Bob Ellis
January 5, 2007
GEORGE Bush will be hard put persuading three, four or five thousand American soldiers, marines and reservists who have already been there to go back to Iraq this year, to face 4 million Sunnis displeased by the Saddam hanging. Hard put too to persuade Nuri al-Maliki to stay in office, and stay alive, till they get there.
In the meantime the spinning of the killing of Saddam continues. The US had nothing to do with it; we merely guarded him for three years, then took him to the house of death and flew his coffined body to Tikrit. We tried to stop it happening so soon. We would have "handled it differently". What's all this fuss? The last 60 seconds of a tyrant's life matter less than the first 60 years. We've killed his two sons and his 14-year-old grandson and we'll kill his half-brother tomorrow, so the "process of national healing" can begin. Has any "process of national healing" been so mismanaged in world history? Has any filmed event won fewer hearts and minds? JFK's killing perhaps, though it pleased a good few Southern schoolboys, who cheered at the news.
If we only look at the politics of lynching a warrior-hero, abusing him on the gallows, keeping him awake the night before by banging on his cell door and flaunting before his bleary eyes the hangman's rope, we can see just how dim the whole plan was. What Sunni will pose beside Maliki now? What Arab leader, Sunni or Shiite, will praise his political skill?

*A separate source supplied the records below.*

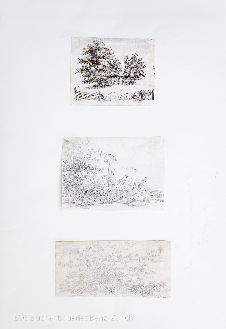 Gessner, Salomon (1730–1788): Naturstudien. 2 Bleistiftzeichnungen und 1 Tuschzeichnung. 11 x 15 cm. 17 x 8,4 cm und 10 x 12, 4 cm.
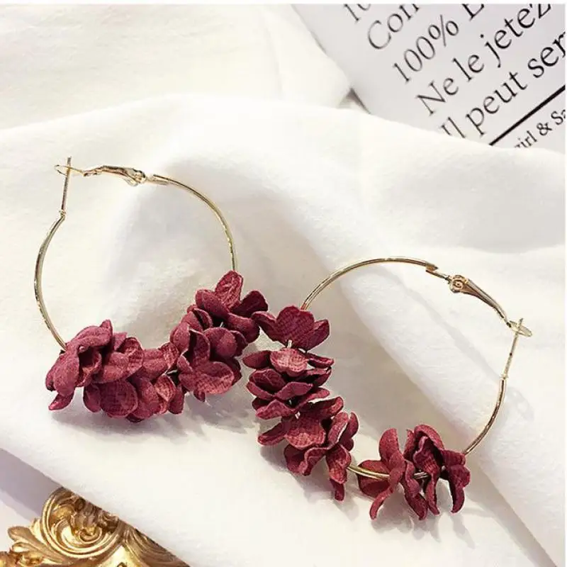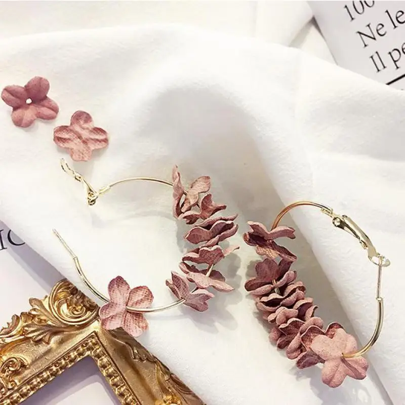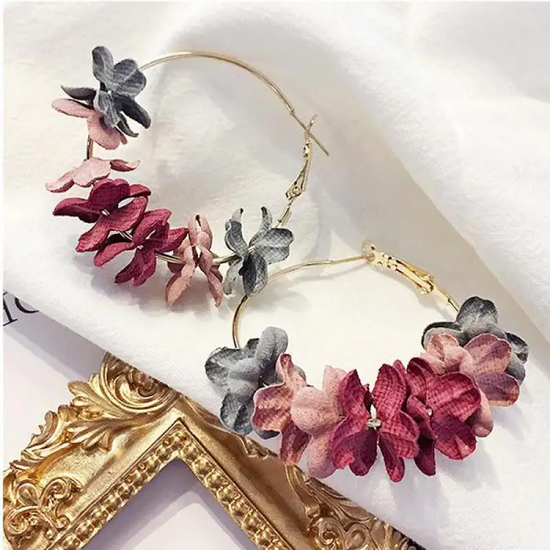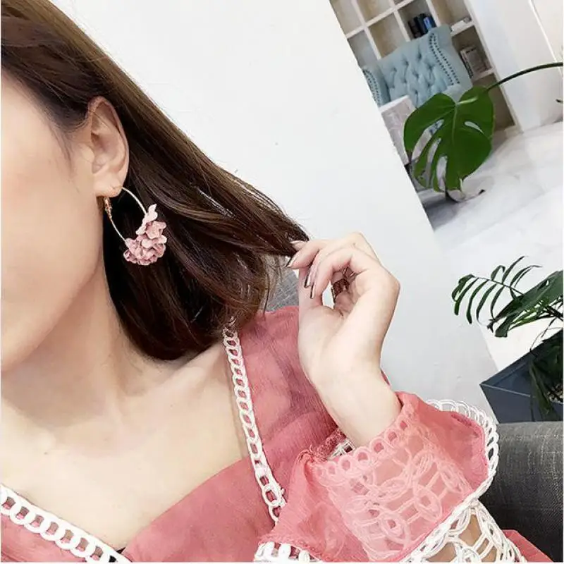 Charm Korean Fashion New Earrings Temperament Hot Selling Fabric Flower Earrings Women Wholesale Women Steel Earrings
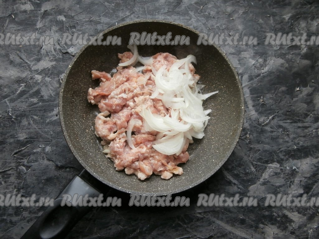 Фарш лучше всего использовать крупнорубленый, перекрученный на мясорубке с крупной решёткой. В сковороде разогреть оливковое масло, выложить мясной фарш и нарезанный тоненькими перьями очищенный репчатый лук.

And who will trust the Americans now, after this and Abu Ghraib and hurricane Katrina, to get any process right in any country including their own? Not the British soldiers on the ground in Helmland Province, Afghanistan. Not the Australian "security guards" in downtown Baghdad. Not the Iraqi dentists, doctors, nurses, restaurateurs and university lecturers daily fleeing the country. Not the children with toothache. Not the pregnant women with nowhere to go to give birth. Not the grandmothers of dead babies in humidicribs whose electricity gave out. Not the middle-class parents afraid to put their children on school buses lest they never see them again.

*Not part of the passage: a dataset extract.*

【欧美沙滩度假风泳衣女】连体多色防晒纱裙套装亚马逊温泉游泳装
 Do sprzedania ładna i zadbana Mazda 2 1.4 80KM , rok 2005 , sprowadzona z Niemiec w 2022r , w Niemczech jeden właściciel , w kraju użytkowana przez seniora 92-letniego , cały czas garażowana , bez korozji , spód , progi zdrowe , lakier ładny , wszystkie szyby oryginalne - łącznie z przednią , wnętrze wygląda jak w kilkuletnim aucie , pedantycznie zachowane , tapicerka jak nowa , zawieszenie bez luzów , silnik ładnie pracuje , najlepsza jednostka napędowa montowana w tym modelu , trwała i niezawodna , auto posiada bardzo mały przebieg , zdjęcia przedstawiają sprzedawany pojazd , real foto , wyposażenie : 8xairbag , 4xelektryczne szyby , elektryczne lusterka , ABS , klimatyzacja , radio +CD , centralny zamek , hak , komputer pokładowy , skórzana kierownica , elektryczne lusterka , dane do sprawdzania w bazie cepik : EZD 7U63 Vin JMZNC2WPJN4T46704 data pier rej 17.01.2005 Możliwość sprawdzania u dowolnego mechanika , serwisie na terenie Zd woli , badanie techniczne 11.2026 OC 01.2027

And who in the US will trust the American Army, the State Department and the current American rulers of Baghdad either? Not the 30,000 boys and girls wounded, nor their families. Not the 13,000 or 15,000 parents and siblings bereaved. Not the mayors of the towns the 3000 dead kids came from. Not the Democrat local members Bush is now asking for more soldiers, more weapons, more money, more patience, more time in a Long War as long, perhaps, as the Cold War.

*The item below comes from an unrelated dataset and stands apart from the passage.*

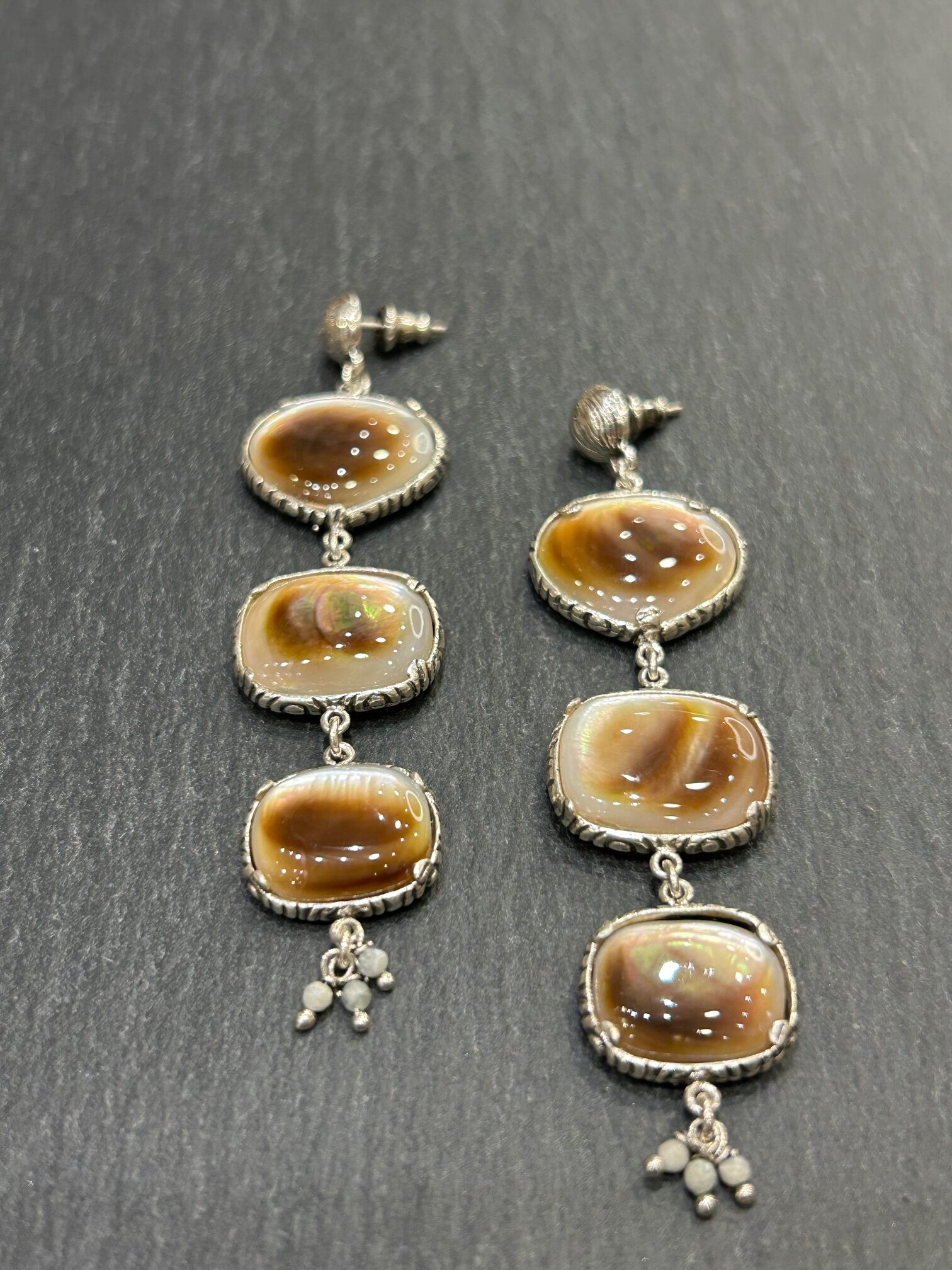 Les boucles d’oreilles nacre grise SILENE signées Gas Bijoux incarnent l’élégance intemporelle et la lumière douce des bijoux d’exception. Conçues pour les oreilles percées, elles se distinguent par une succession de trois pierres de nacre grise serties d’argent 925. Leur silhouette longue et fluide, de 7,8 cm, élance le port de tête avec grâce, tandis que leur largeur de 1,8 cm souligne un équilibre parfait entre finesse et présence.

The US is facing outright defeat — and worldwide contempt as never before — because of the Saddam gallows Grand Guignol and the secular Golgotha his jeering, black-hooded captors turned it into. And none of this need have happened. All the cluey US spin-men had to do, after consulting a few legal experts, was yield him up to lengthy trial by the UN War Crimes Tribunal in The Hague; let him give big speeches the media would soon tire of; and let him grow very old and sad in jail.
But they didn't, and the consequences are dire and daily mounting. Soon they'll have Tariq Aziz to deal with. He's a Christian, a friend of Pope John Paul, and literate, well-spoken, Anglicised evidence of how broad-based a secular government Saddam ran, and how much 4 million university graduates, civil servants, medical professionals, lawyers, judges, soldiers, police and schoolteachers miss him now, in a world of veils and checkpoints and daylight kidnappings and suicide bombings and 10,000 policemen killed in two years.
Will Tariq Aziz hang? Will his breaking neck and open eyes and slowly swinging corpse be telerecorded too? Will he be allowed his beloved P. G. Wodehouse and Agatha Christie paperbacks in his cell on death row? Will he get a final press conference? Will he be allowed to wear a suit and tie? What questions will he be allowed to answer?
In freedom's name we have helped the US start this barbarous process. In freedom's name we too are called barbarians now, by fairly civilised peoples who may have a point.
And we Australians are in the thick of it. Staying on, to "finish the job". The job may not be all that's finished by the time we're done.
Bob Ellis is an author and commentator.